Plaintiff subsequently filed his renewed motion and corrected supporting materials on January 11, 2024, and served the Defendants with the motion papers. (See ECF No. 25, Mot. for Default J.; Mem.; Mizrahi Decl.; Cooper Aff.) On May 22, 2024, the Court ordered Plaintiff to submit a supplemental affidavit “providing additional factual information to allow the Court to determine whether Plaintiff falls within the Motor Carrier Act of 1935 (‘MCA') Exemption to the FLSA and NYLL,” along with an alternate damages spreadsheet calculating Plaintiff's damages “based on the method prescribed in 12 N.Y. Comp. Codes R. & Regs. § 142-2.16.” (Docket Order dated May 22, 2024.) Plaintiff filed the supplemental response on June 25, 2024, (Cooper Supp. Aff.), and filed proof of service of the supplemental submission on the Defendants on June 26, 2024, (ECF No. 34, Affidavit of Service).

LEGAL STANDARD

Pursuant to Rule 55, courts follow a two-step process to enter default judgment. City of New York v. Mickalis Pawn Shop, LLC, 645 F.3d 114, 128 (2d Cir. 2011). First, when the defendant fails to plead or otherwise defend and that failure is shown by affidavit or otherwise, the clerk of court enters the defendant's default. See Fed.R.Civ.P. 55(a). A court considers an entry of default against a party to be an admission of all the well-pleaded allegations in the complaint regarding liability. Cement & Concrete Workers Dist. Council Welfare Fund v. Metro Found. Contractors Inc., 699 F.3d 230, 234 (2d Cir. 2012). Second, if the defaulting party fails to appear or move to set aside the entry of default under Rule 55(c), the opposing party may move the court to enter a default judgment to establish liability and damages. See Fed.R.Civ.P. 55(b)(2). Before entering a default judgment, the court “must ensure that (1) jurisdictional requirements are satisfied; (2) the plaintiff took all the required procedural steps in moving for default judgment; and (3) the plaintiff's allegations, when accepted as true, establish liability as a matter of law.” Jian Hua Li v. Chang Lung Grp. Inc., No. 16-CV-6722 (PK), 2020 WL 1694356, at *4 (E.D.N.Y. Apr. 7, 2020) (citations omitted). The court also must find a basis for the damages specified in the default judgment. Jeremiah v. 5 Towns Jewish Times, Inc., No. 1:22-cv-5942 (NGG), 2023 WL 5703698, at *3 (E.D.N.Y. Sept. 5, 2023).

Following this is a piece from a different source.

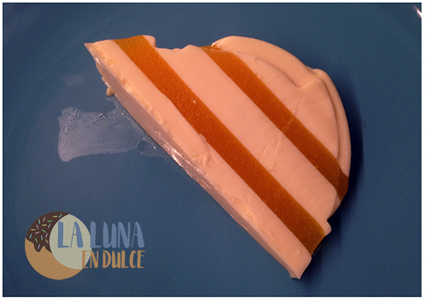 15. Con la ayuda de un cucharón, que pegaremos los máximo posible a la capa anterior, verter un poco de gelatina de melocotón, muy poco a poco para no romper la capa de la gelatina anterior.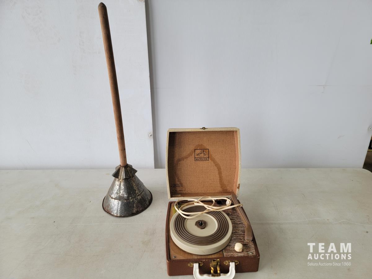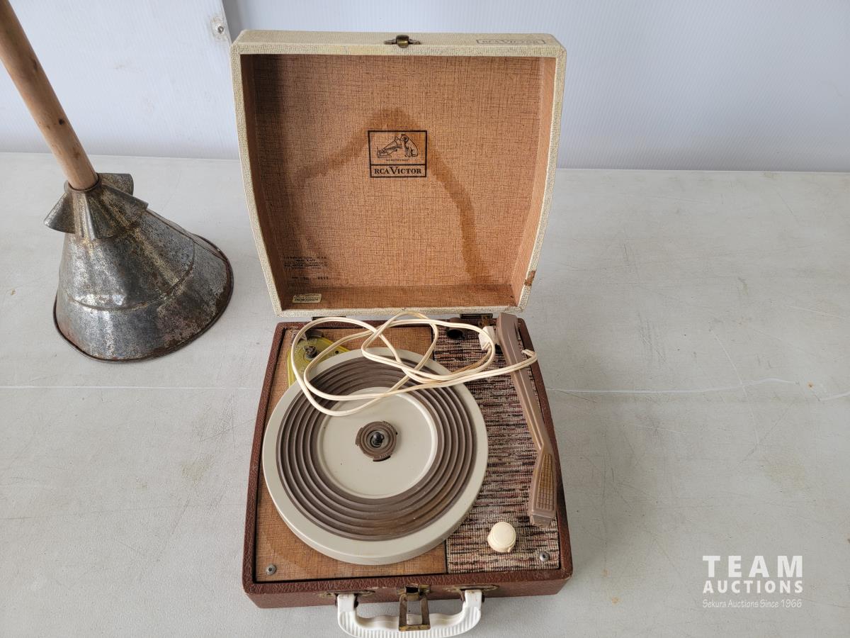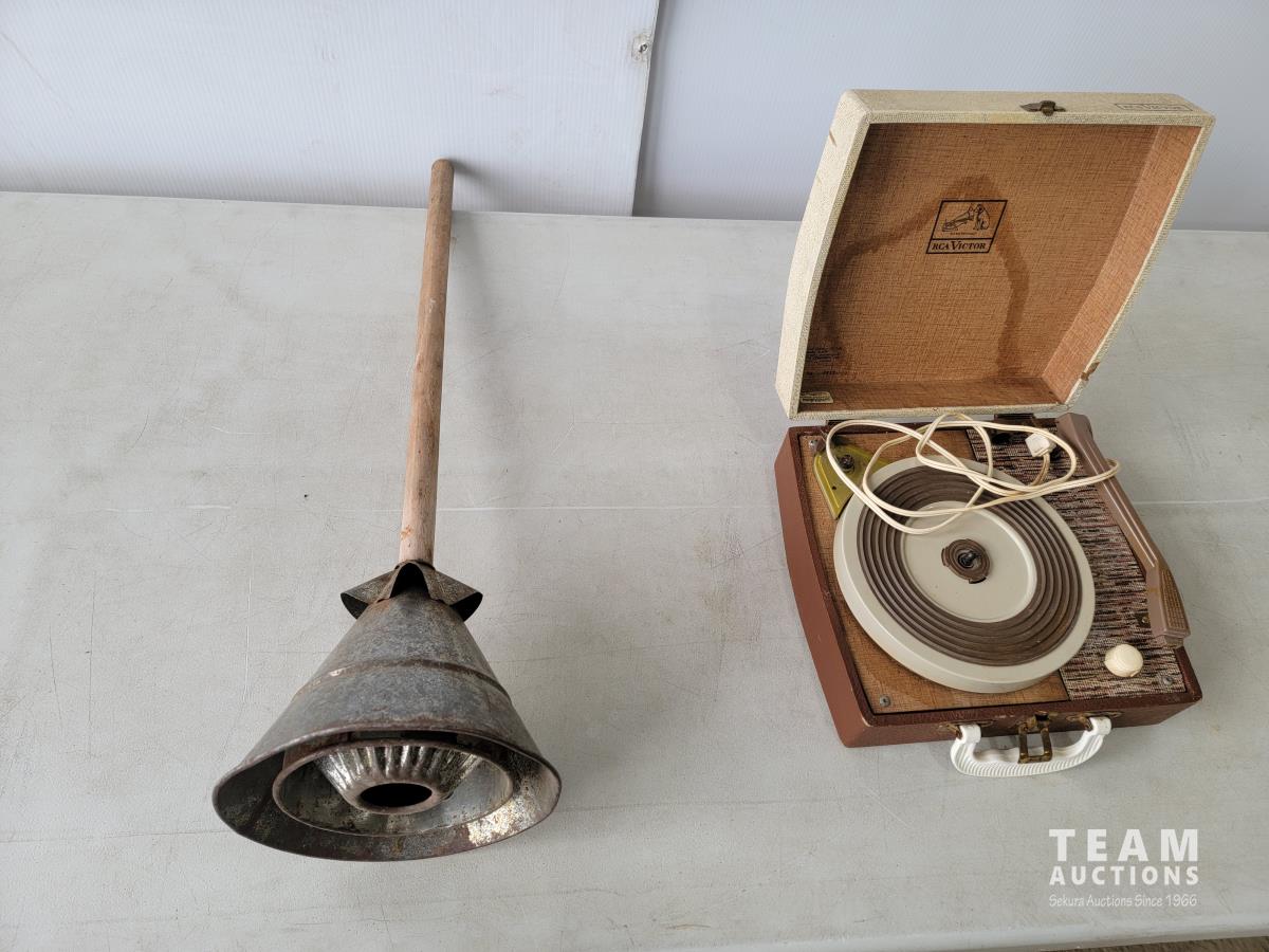 1634 Antique Agitator Old Time Hand Washing Machine and Vintage RCA Victor Phonograph

Although the court accepts as true all well-pleaded allegations in the complaint, the court must still ensure the allegations provide a basis for liability and relief, and the court has discretion to require further proof of necessary facts. Finkel v. Romanowicz, 577 F.3d 79, 84 (2d Cir. 2009). If the unchallenged facts establish the defendant's liability, the court determines the amount of damages due. See Credit Lyonnais Sec. (USA), Inc. v. Alcantara, 183 F.3d 151, 155 (2d Cir. 1999). The court may determine damages without an in-person hearing based on the plaintiff's affidavits so long as it can ensure a basis for the damages specified in the default judgment. Transatlantic Marine Claims Agency, Inc. v. Ace Shipping Corp., Div. of Ace Young Inc., 109 F.3d 105, 111 (2d Cir. 1997).

DISCUSSION

I. Jurisdiction

The Court may not enter a default judgment unless it has both subject-matter jurisdiction over the action and personal jurisdiction over each defendant. See Covington Indus., Inc. v. Resintex A.G., 629 F.2d 730, 732 (2d Cir. 1980) (“A judgment entered against parties not subject to the personal jurisdiction of the rendering court is a nullity.”).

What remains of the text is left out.